Regarding patients who experience hyperammonemia in the postpartum period, one case report in a female with unknown OTC restricted protein to less than 5 g/day with intravenous 10% dextrose and 20% lipid, intravenous L-arginine, and sodium benzoate with ammonia concentrations and behavioral abnormalities improving over the first 24-48 hours (F.4737). If hyperammonemia occurs and does not adequately respond to primary nutrition and medical intervention, dialysis may be necessary (F.5232, F.6276, F.6489, F.6935, F.7086, F.7313).

Delphi 1 Results

There was unanimous agreement for the following:

• Provide adequate energy (100-120% DRI) during delivery and for six weeks postpartum to prevent catabolism.
• After delivery, women with a UCD should continue to receive IV dextrose until tolerating normal oral intake.

There was strong consensus (96%) that, after delivery, protein intake should return to pre-pregnancy goals, unless the individual with a UCD is breastfeeding.

It is well established that human milk confers important health benefits to infants, including reduced risks of infection, necrotizing enterocolitis, and sudden infant death. Lactation also provides substantial maternal health benefits, including lower risks of myocardial infarction, diabetes, hypertension, and breast cancer (L.463).

Pregnancy and lactation are both periods of increased micronutrient demand; however, lactation places unique and, for some nutrients, greater requirements on the mother to support human milk production. According to FAO/WHO/UNU, energy and protein requirements increase during lactation by approximately 669 kcal/day and 19 g/day, respectively, during the first six months, and by 460 kcal/day and 13 g/day thereafter (F.7963). Micronutrient requirements during lactation may exceed those of pregnancy and non-pregnant states, particularly for iodine, vitamin A, choline, and certain B vitamins (L.466, L.468). Furthermore, maternal intake and body stores of several nutrients directly influence human milk composition (e.g., iodine, selenium, choline, vitamins A, B12, and D, and DHA) (L.464). In contrast, for some nutrients, such as calcium and iron, milk concentrations less responsive to maternal intake, though severe deficiency may still compromise maternal status. In the general population, routine supplementation during lactation is recommended when dietary intake is insufficient, maternal deficiency is present, or requirements are unlikely to be met through diet alone, with particular attention to vitamin B12, vitamin D, choline, and DHA (L.464).

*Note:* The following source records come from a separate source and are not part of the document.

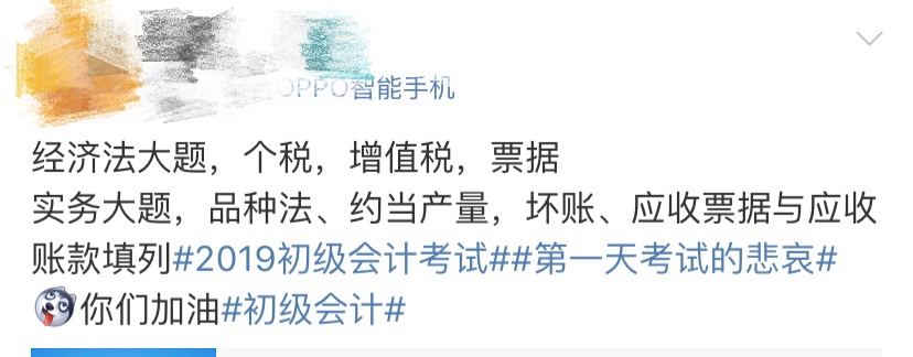 2019年初级会计职称考试进行中,大家在考试之前一定要注意饮食和作息时间,不宜食用辛辣和不卫生的食物,作息时间尽量和平时保持一致,提前规划好路线,避免迟到。下面来看看已经考完的小伙伴们的反馈: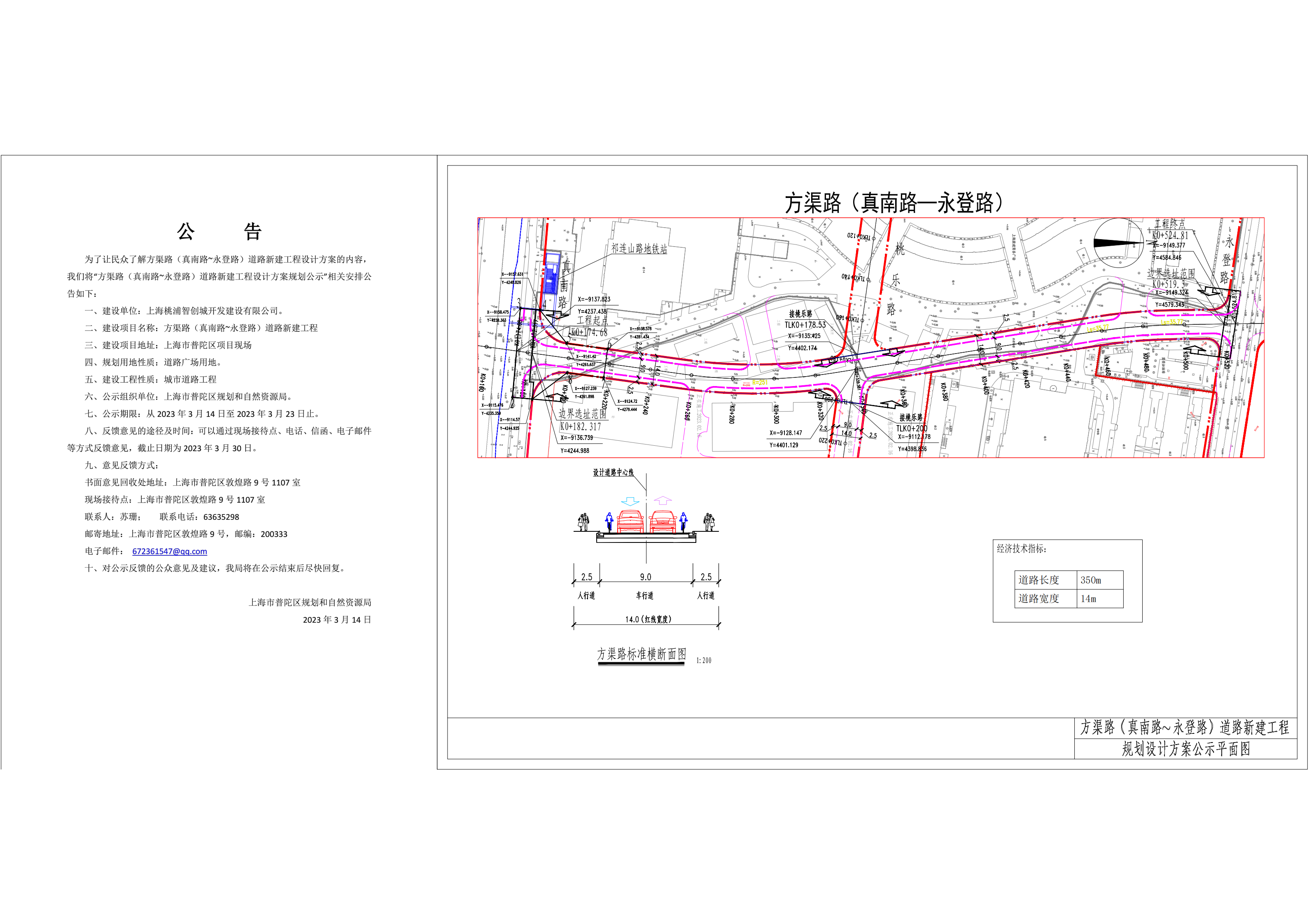 方渠路(真南路~永登路)道路新建工程规划设计方案公示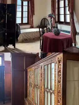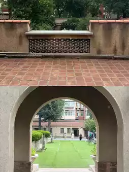 Jingyuan Garden is nestled in what was once the Japanese Concession, and true to its name, it sits in a quiet, ordinary alley. The standard Western-style architecture carries a hint of the Republican era. The main building of Jingyuan Garden embraces an eclectic style, incorporating elements of Japanese wooden architecture and Spanish architectural features. The structure and materials of the gate display typical Japanese characteristics, simple, natural, and minimalist. However, its gently sloping roof, the use of cylindrical tiles, and the interior detailing clearly reflect the style of Spanish medieval architecture.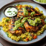 Once everything’s cooked beautifully—fluffy rice plated high next to juicy chicken—you can drizzle that luscious green sauce over both like it’s confetti at a party!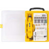 1 Microrretífica, composta por um estojo plástico com 174 acessórios, sendo: 12 lixas cilindro, 1 roda de pano, 3 rodas de feltro, 1 ponta de feltro, 1 roda de borracha, 2 brocas de aço rápido de 1,6 mm, 1 broca de aço rápido de 2,4 mm, 1 broca de aço rápido de 3,2 mm, 2 hastes para lixa cilindro, 5 limas rotativas diamantadas, 2 limas rotativas, 3 pontas montadas de óxido de alumínio, 3 rebolos de óxido de alumínio, 2 pontas montadas de carbureto de silício, 3 rebolos de carbureto de silício, 3 escovas de inox, 1 pasta para polimento, 74 discos de corte, 44 discos de lixa, 2 pinças de 3,2 mm, 1 pinça de 2,4 mm, 1 pinça de 1,6 mm, 1 haste para disco de corte, 1 haste para disco de borracha, 1 haste para disco de feltro, 1 haste para disco de lixa, 1 chave de 9,5 mm para microrretífica e 1 bastão abrasivo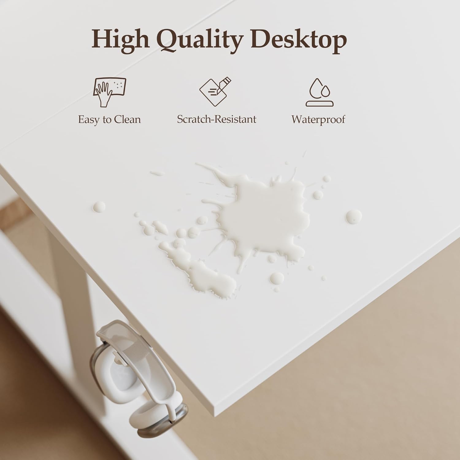 【Smooth & Stable Height Adjustment】Powered by a reliable motor, this desk adjusts smoothly between 28″–45″ with low noise (<55dB). Two programmable memory presets allow quick transitions between sitting and standing.
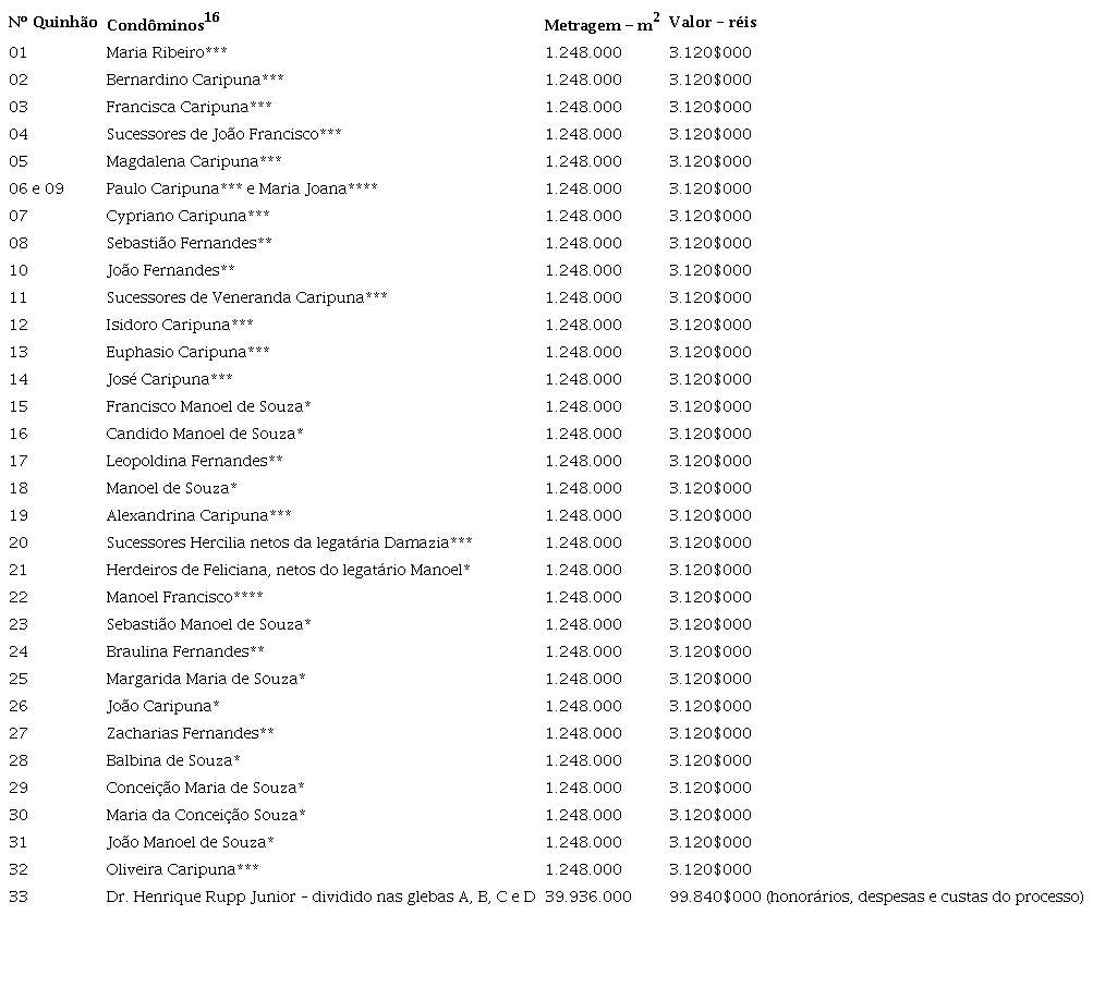Após o requerido pelo advogado, alguns condôminos entraram com pedidos ao juiz questionando o fato de que o mesmo resolveu que seria separado tal pagamento em uma só área de terras “e para isso escolheu a melhor parte do imóvel, dando-se ainda que desse modo virá compreender as moradas, cultivados e benfeitorias dos suplicantes, já no seu quinhão e já nos quinhões de outros condôminos”13 (ARQUIVO HISTÓRICO MUNICIPAL WALDEMAR RUPP apud TAFFAREL, 2019, p. 149). Os descendentes dos legatários solicitaram que o juiz determinasse que cada quinhão fosse formado com as terras contíguas as suas respectivas moradas, benfeitorias e cultivados.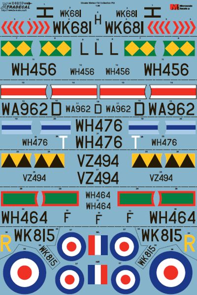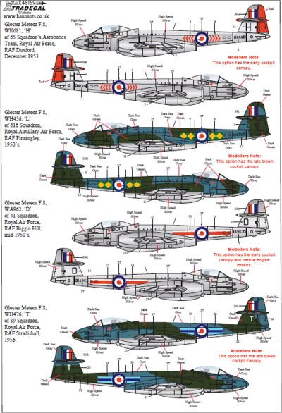 Xtradecal - 1/48 Gloster Meteor F.Mk.8 Collection Pt 2 (7) VZ494 501 Sqn R.Aux.AF RAF Filton 1957, WA962/D 41 Sqn RAF Biggin Hill 1950s, WH456/L 616 Sqn R.Aux.AF RAF Finningley 1950s, WH464/F 504 Sqn R.Aux.AF RAF Wymeswold 1953, WH476/T 89 Sqn RAF Stradishall 1956, WK681/H 65 Sqn Aerobatic Team Duxford 1953, WK815/R Target Towing Sqn RAF Sylt, Germany 1959,

In women with UCD, successful lactation is feasible in the setting of adequate energy and nutrient intake (F.5937, F.7526). However, there is limited published information specific to lactation-related nutritional needs in UCDs. In a 2010 case report of a known OTC female who successfully initiated breastfeeding, protein intake was restricted to 50 g protein/day immediately after delivery and then increased to 1.2 g protein/kg/day by postpartum day three, along with slight increases in L-citrulline and sodium benzoate doses. She was discharged on day seven without metabolic decompensation (F.6276). A 2014 case report of CIT-I described continuation of arginine supplementation during breastfeeding with plans to gradually reduce the dose while closely monitoring of plasma ammonia and amino acids (F.7800). Specific micronutrient supplementation during lactation is not well described in the literature, though risks for nutrient deficiencies in individuals with UCD following a low protein diet are discussed under Recommendation 2.5.

Delphi 1 Results

The following treatment practices during pregnancy received unanimous agreement:

• A woman with a severe UCD should be supported to breastfeed if desired.
• A woman with a mild UCD should be supported to breastfeed if desired.